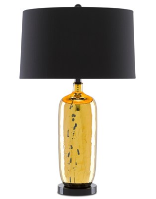 Brilliantly luminous, the Bullion Table Lamp is made of porcelain with a shimmering golden surface splashed with artful droplets. A black optic crystal base anchors the gold lamp that is topped with a black shantung shade with a gold foil lining.Read More
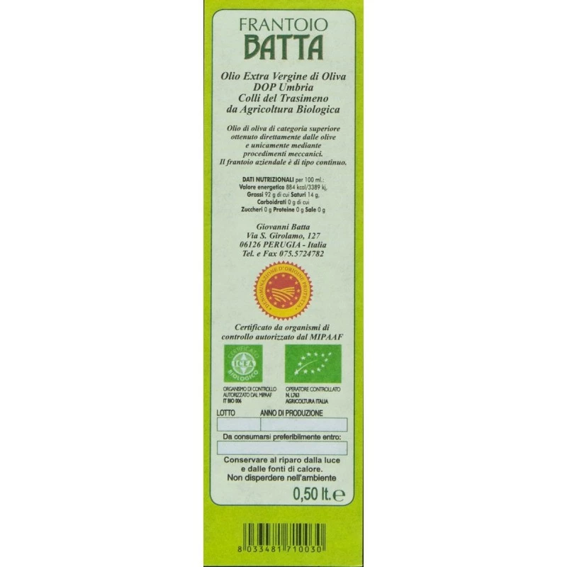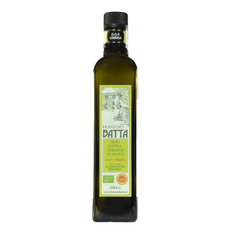 The Extra Virgin Olive Oil Organic DOP Umbria Colli del Trasimeno Frantoio Batta is an intense golden yellow extra virgin olive oil with greenish nuances, limpid. The nose is very fragrant, with a sensation of particular freshness; in the mouth it offers flavors of field essences, artichoke and green almond with sustained bitterness and spiciness, in harmony.
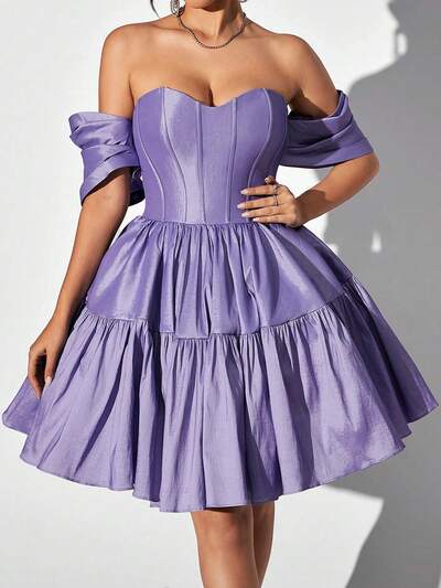 Abito Da Cocktail Da Donna Con Spalle Scoperte Tinta Unita-60%
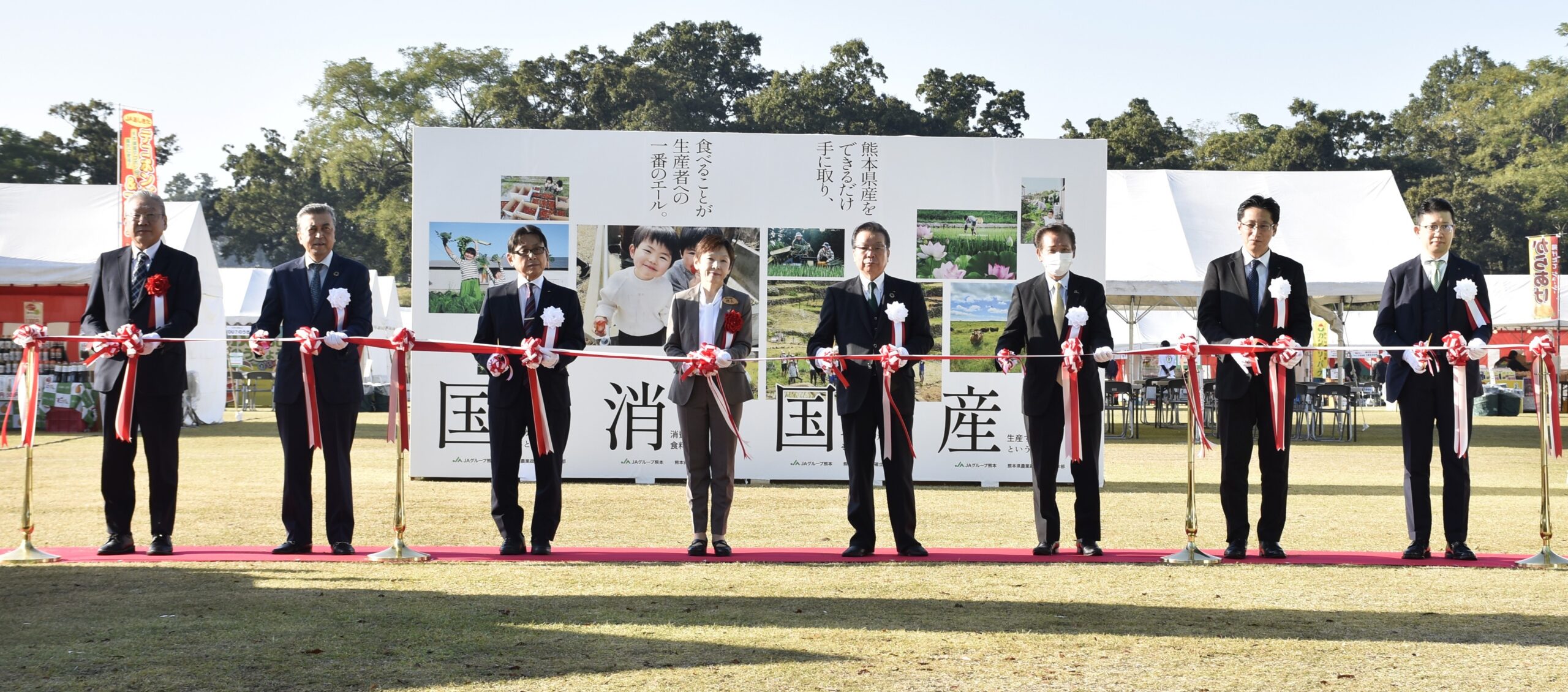 実行委会長を務めるJA熊本中央会の宮本隆幸会長は「生産者は厳しい環境の中、安全・安心な農畜産物を消費者に届けるため精いっぱい頑張っている。食料安全保障を確立し、食料・農業を未来につないでいくため農業フェアを通じて食や農業について理解を深めてほしい」とあいさつした。会場では大型パネルの設置やちらしを配布し、来場者に国消国産の重要性を訴えた。
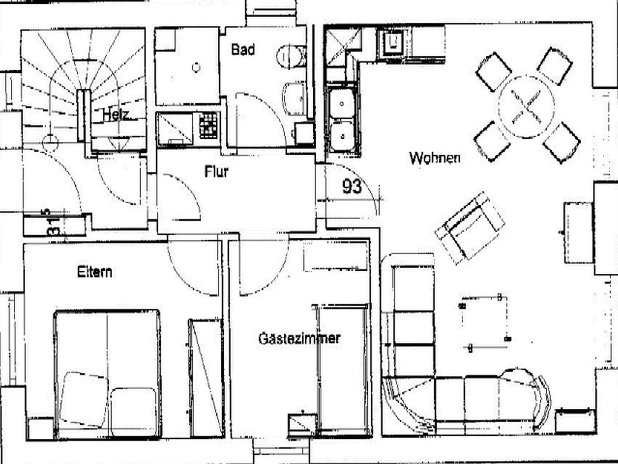 Im Wohnzimmer steht eine gemutliche Doppel-Couch, in diesem Raum ist eine vollausgestattetet Küche (mit Mikrowelle) und einem Esszimmertisch für vier Personen integriert.
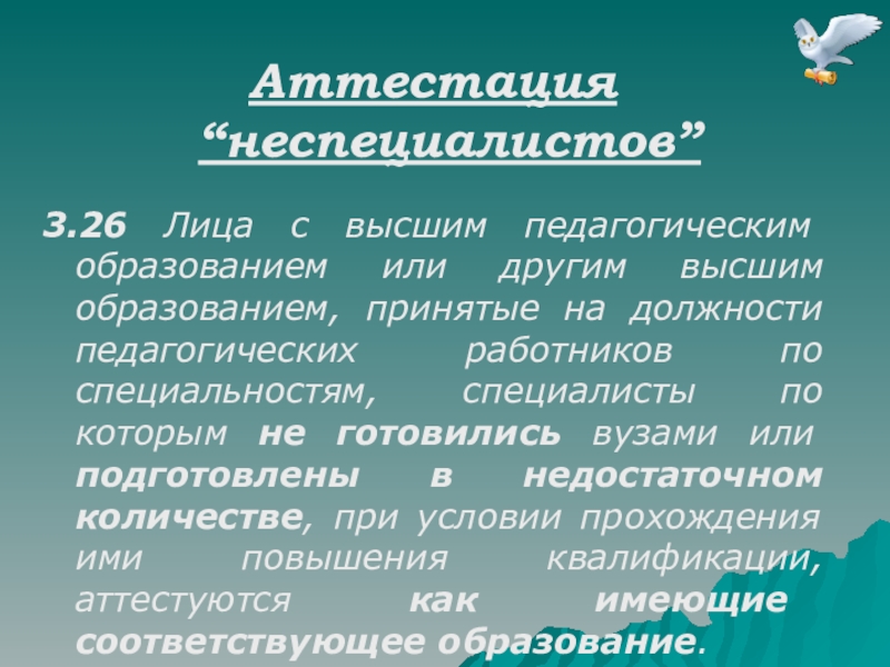принятые на должности педагогических работников по специальностям, специалисты по которым не готовились вузами или подготовлены в недостаточном количестве, при условии прохождения ими повышения квалификации, аттестуются как имеющие соответствующее образование.
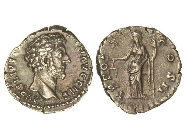 Denario. Acuñada el 155-156 d.C. MARCO AURELIO. Anv.: AVRELIVS (CAES. ANTO)N. AVG. PII F. Cabeza descubierta a derecha. Rev.: TR. POT. (C) COS. II. Equidad en pie a izquierda. Ligera pátina. C-702. EBC/EBC-.
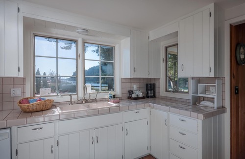 Marina View is a spacious one-bedroom guest house, with king bed, a fully equipped kitchen and large living area with vaulted ceiling. Both the living area and dining nook offer south and west views of the water. There is also a twin bed in the living room for an additional guest.
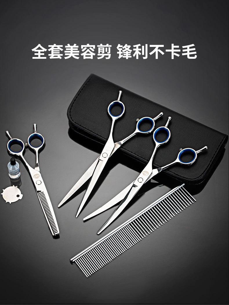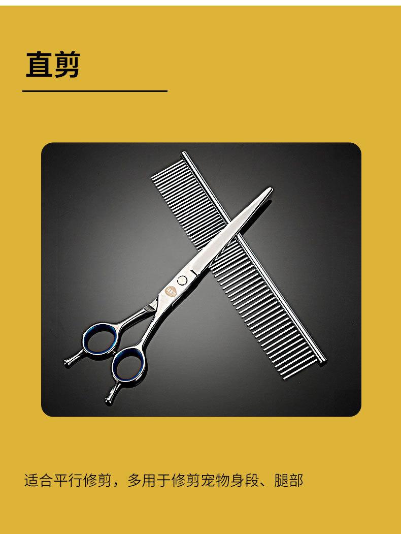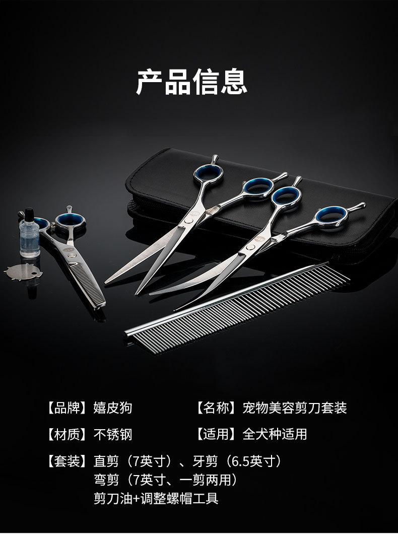 El paquete de tijeras incluye unas tijeras rectas de 7 pulgadas y unas tijeras curvas, unas tijeras dentadas de 6.5 pulgadas, una botella de aceite para tijeras, un paño de limpieza y una herramienta de ajuste de tuercas. 20 piezas por caja, 24 cajas por caja de cartón
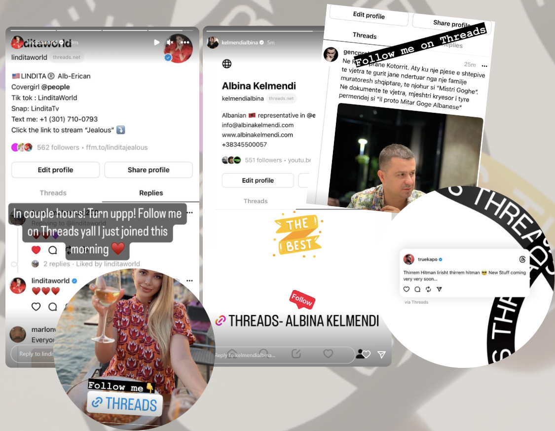 Pas këtyre, në Threads treguan se kanë hapur llogari edhe: Genc Prelvukaj, Eni Koçi, Capital T, Albina Kelmendi e Linda Halimi.
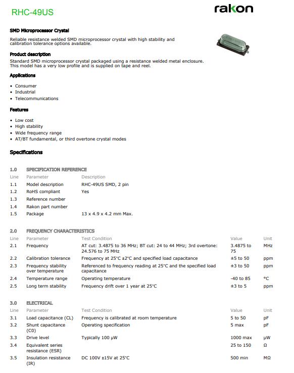 瑞康晶振,RHC-49US晶振,49US貼片晶振
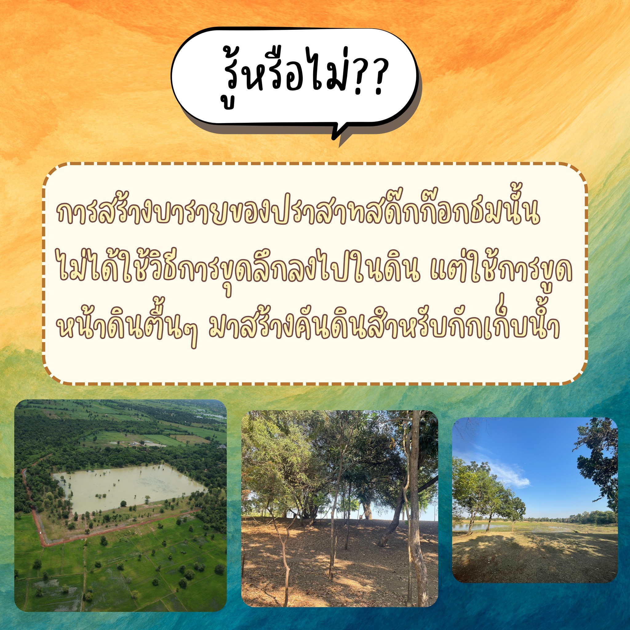 การสร้างบารายของปราสาทสด๊กก๊อกธมนั้น ไม่ได้ใช้วิธีการขุดลึกลงไปในดิน แต่ใช้การขูดหน้าดินตื้นๆ มาสร้างคันดินสำหรับกักเก็บน้ำ
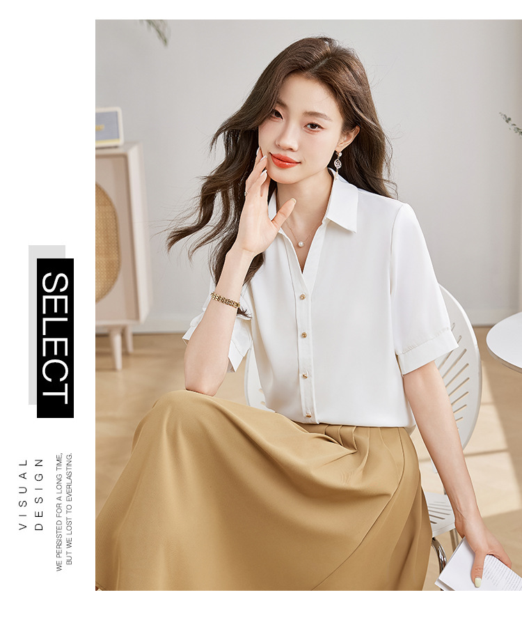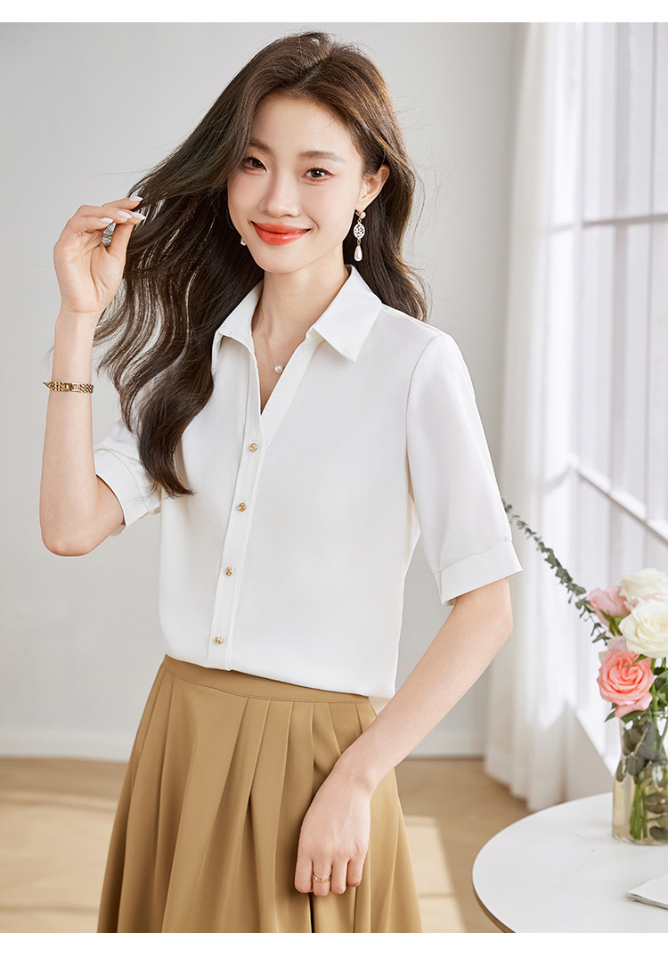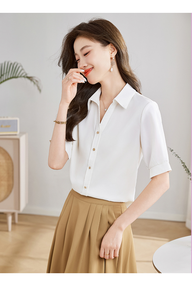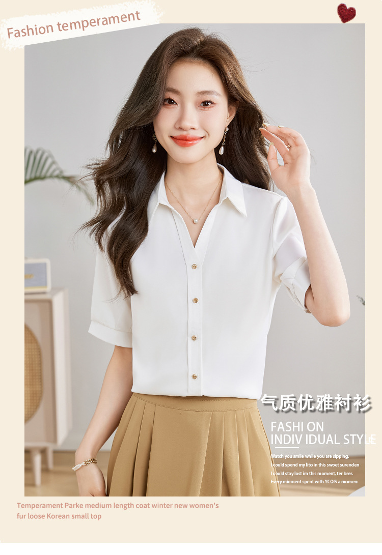 리얼 샷 2024 여름 홍콩 스타일 셔츠 여성 반팔 탑 올 매치 한국식 패션 기질 화이트 셔츠
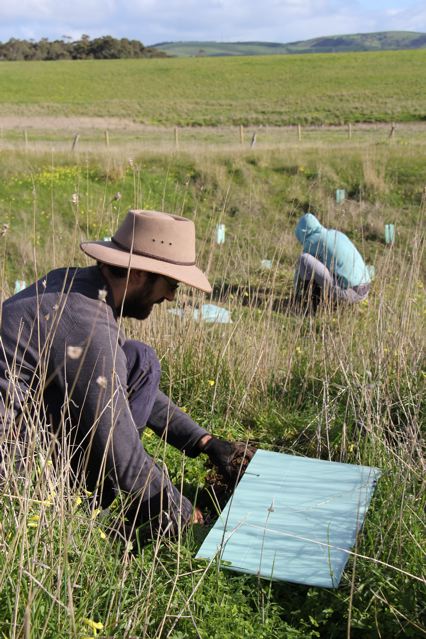 While we’ve written elsewhere about the structure of woodland, we’ve gone for a high planting density based on previous experiences with enthusiastic grazing by kangaroos and deer. We’ve also amped up protection for particularly high value trees, selected according to species, shelter, habitat or erosion control value with the use of both homemade and purchased wire mesh guards. Throughout the planting, while the resident mob of kangaroos perched on a nearby hill and noted the GPS coordinates of every tree as it went into the ground, we’re pleased to say that they’ve so far been quite restrained in their sampling! Perhaps the sudden appearance of all those green tree guards has spooked them a little. We’ll see.
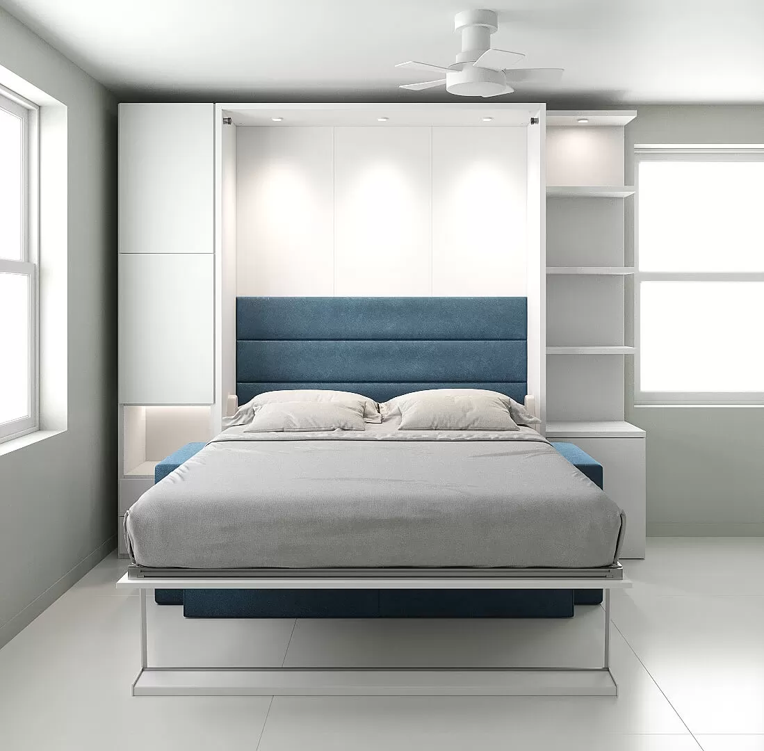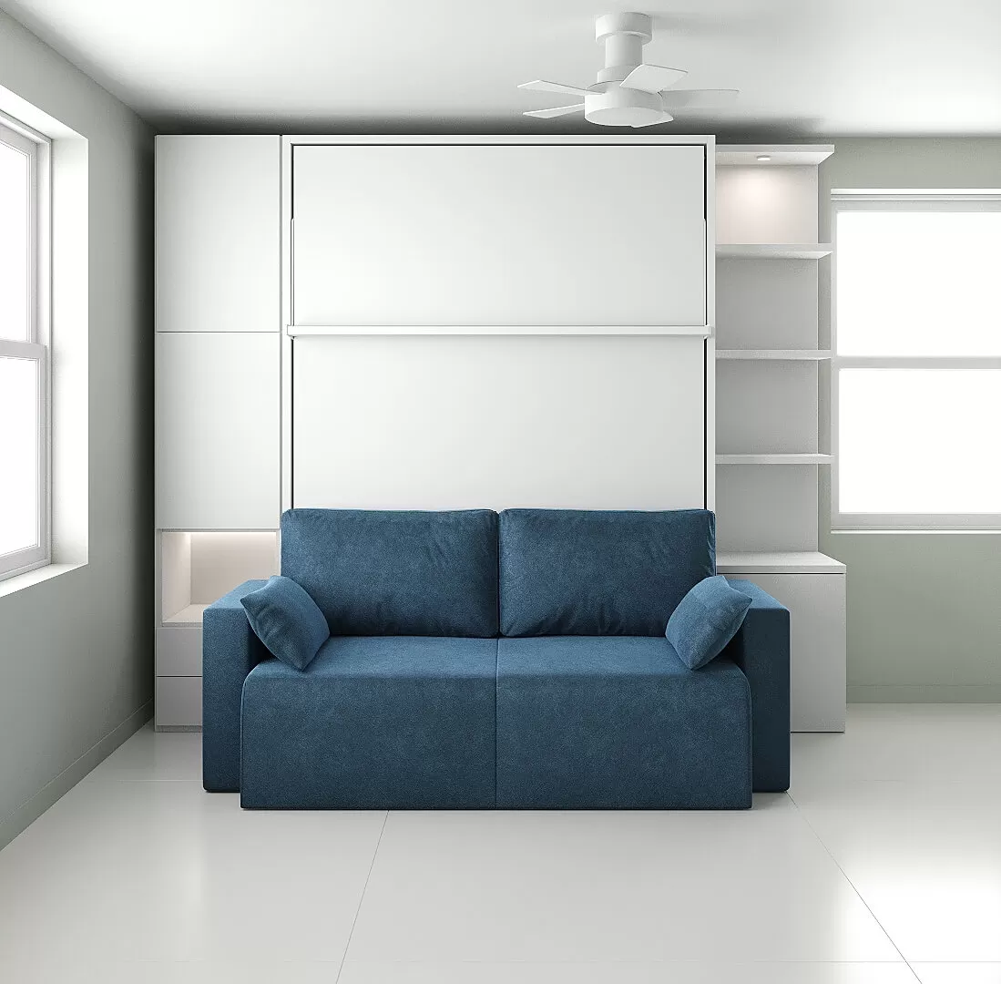 ROYAL Queen Wall Bed with Sectional Sofa and Bookcase Set

What the task asks: Pictures are to be left out; set down everything else in the records exactly.

Response:
 Brilliantly luminous, the Bullion Table Lamp is made of porcelain with a shimmering golden surface splashed with artful droplets. A black optic crystal base anchors the gold lamp that is topped with a black shantung shade with a gold foil lining.Read More
 The Extra Virgin Olive Oil Organic DOP Umbria Colli del Trasimeno Frantoio Batta is an intense golden yellow extra virgin olive oil with greenish nuances, limpid. The nose is very fragrant, with a sensation of particular freshness; in the mouth it offers flavors of field essences, artichoke and green almond with sustained bitterness and spiciness, in harmony.
 Abito Da Cocktail Da Donna Con Spalle Scoperte Tinta Unita-60%
 実行委会長を務めるJA熊本中央会の宮本隆幸会長は「生産者は厳しい環境の中、安全・安心な農畜産物を消費者に届けるため精いっぱい頑張っている。食料安全保障を確立し、食料・農業を未来につないでいくため農業フェアを通じて食や農業について理解を深めてほしい」とあいさつした。会場では大型パネルの設置やちらしを配布し、来場者に国消国産の重要性を訴えた。
 Im Wohnzimmer steht eine gemutliche Doppel-Couch, in diesem Raum ist eine vollausgestattetet Küche (mit Mikrowelle) und einem Esszimmertisch für vier Personen integriert.
принятые на должности педагогических работников по специальностям, специалисты по которым не готовились вузами или подготовлены в недостаточном количестве, при условии прохождения ими повышения квалификации, аттестуются как имеющие соответствующее образование.
 Denario. Acuñada el 155-156 d.C. MARCO AURELIO. Anv.: AVRELIVS (CAES. ANTO)N. AVG. PII F. Cabeza descubierta a derecha. Rev.: TR. POT. (C) COS. II. Equidad en pie a izquierda. Ligera pátina. C-702. EBC/EBC-.
 Marina View is a spacious one-bedroom guest house, with king bed, a fully equipped kitchen and large living area with vaulted ceiling. Both the living area and dining nook offer south and west views of the water. There is also a twin bed in the living room for an additional guest.
 El paquete de tijeras incluye unas tijeras rectas de 7 pulgadas y unas tijeras curvas, unas tijeras dentadas de 6.5 pulgadas, una botella de aceite para tijeras, un paño de limpieza y una herramienta de ajuste de tuercas. 20 piezas por caja, 24 cajas por caja de cartón
 Pas këtyre, në Threads treguan se kanë hapur llogari edhe: Genc Prelvukaj, Eni Koçi, Capital T, Albina Kelmendi e Linda Halimi.
 瑞康晶振,RHC-49US晶振,49US貼片晶振
 การสร้างบารายของปราสาทสด๊กก๊อกธมนั้น ไม่ได้ใช้วิธีการขุดลึกลงไปในดิน แต่ใช้การขูดหน้าดินตื้นๆ มาสร้างคันดินสำหรับกักเก็บน้ำ
 리얼 샷 2024 여름 홍콩 스타일 셔츠 여성 반팔 탑 올 매치 한국식 패션 기질 화이트 셔츠
 While we’ve written elsewhere about the structure of woodland, we’ve gone for a high planting density based on previous experiences with enthusiastic grazing by kangaroos and deer. We’ve also amped up protection for particularly high value trees, selected according to species, shelter, habitat or erosion control value with the use of both homemade and purchased wire mesh guards. Throughout the planting, while the resident mob of kangaroos perched on a nearby hill and noted the GPS coordinates of every tree as it went into the ground, we’re pleased to say that they’ve so far been quite restrained in their sampling! Perhaps the sudden appearance of all those green tree guards has spooked them a little. We’ll see.
 ROYAL Queen Wall Bed with Sectional Sofa and Bookcase Set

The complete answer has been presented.